On Tuesday, 31 May 2016 at 18:34:54 UTC, Jonathan M Davis wrote:
On Tuesday, May 31, 2016 16:29:33 Joakim via Digitalmars-d
wrote:
UTF-8 is an antiquated hack that needs to be eradicated. It
forces all other languages than English to be twice as long,
for no good reason, have fun with that when you're downloading
text on a 2G connection in the developing world. It is
unnecessarily inefficient, which is precisely why
auto-decoding is a problem. It is only a matter of time till
UTF-8 is ditched.
Considering that *nix land uses UTF-8 almost exclusively, and
many C libraries do even on Windows, I very much doubt that
UTF-8 is going anywhere anytime soon - if ever. The Win32 API
does use UTF-16, and Java and C# do, but vast sea of code that
is C or C++ generally uses UTF-8 as do plenty of other
programming languages.
I agree that both UTF encodings are somewhat popular now.
And even aside from English, most European languages are going
to be more efficient with UTF-8, because they're still
primarily ASCII even if they contain characters that are not.
Stuff like Chinese is definitely worse in UTF-8 than it would
be in UTF-16, but there are a lot of languages other than
English which are going to encode better with UTF-8 than UTF-16
- let alone UTF-32.
And there are a lot more languages that will be twice as long
than English, ie ASCII.
Regardless, UTF-8 isn't going anywhere anytime soon. _Way_ too
much uses it for it to be going anywhere, and most folks have
no problem with that.
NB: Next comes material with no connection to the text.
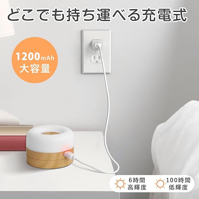 【type-c充電式・持ち運び便利】1200mAhの大容量バッテリーが内蔵されて、100時間以上連続使用できます。底面にひっかけフックを付き、お部屋間での移動、夜中トイレなどの持ち運びもラクラク!
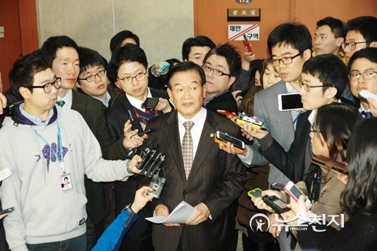 [천지일보=유영선 기자] 국회정보위원장인 새누리당 서상기 의원이 13일 오전 국회 정론관에서 북한 장성택 국방위원회 부위원장의 사형과 관련해 긴급 기자회견을 마친 뒤 취재진의 질문에 답변하고 있다.

Any attempt to get rid of it would be a
huge, uphill battle.
I disagree, it is inevitable. Any tech so complex and
inefficient cannot last long.
But D supports UTF-8, UTF-16, _and_ UTF-32 natively - even
without involving the standard library - so anyone who wants to
avoid UTF-8 is free to do so.
Yes, but not by using UTF-16/32, which use too much memory. I've
suggested a single-byte encoding for most languages instead, both
in my last post and the earlier thread.
D could use this new encoding internally, while keeping its
current UTF-8/16 strings around for any outside UTF-8/16 data
passed in. Any of that data run through algorithms that don't
require decoding could be kept in UTF-8, but the moment any
decoding is required, D would translate UTF-8 to the new
encoding, which would be much easier for programmers to
understand and manipulate. If UTF-8 output is needed, you'd have
to encode back again.
Yes, this translation layer would be a bit of a pain, but the new
encoding would be so much more efficient and understandable that
it would be worth it, and you're already decoding and encoding
back to UTF-8 for those algorithms now. All that's changing is
that you're using a new and different encoding than dchar as the
default. If it succeeds for D, it could then be sold more widely
as a replacement for UTF-8/16.
I think this would be the right path forward, not navigating this
UTF-8/16 mess further.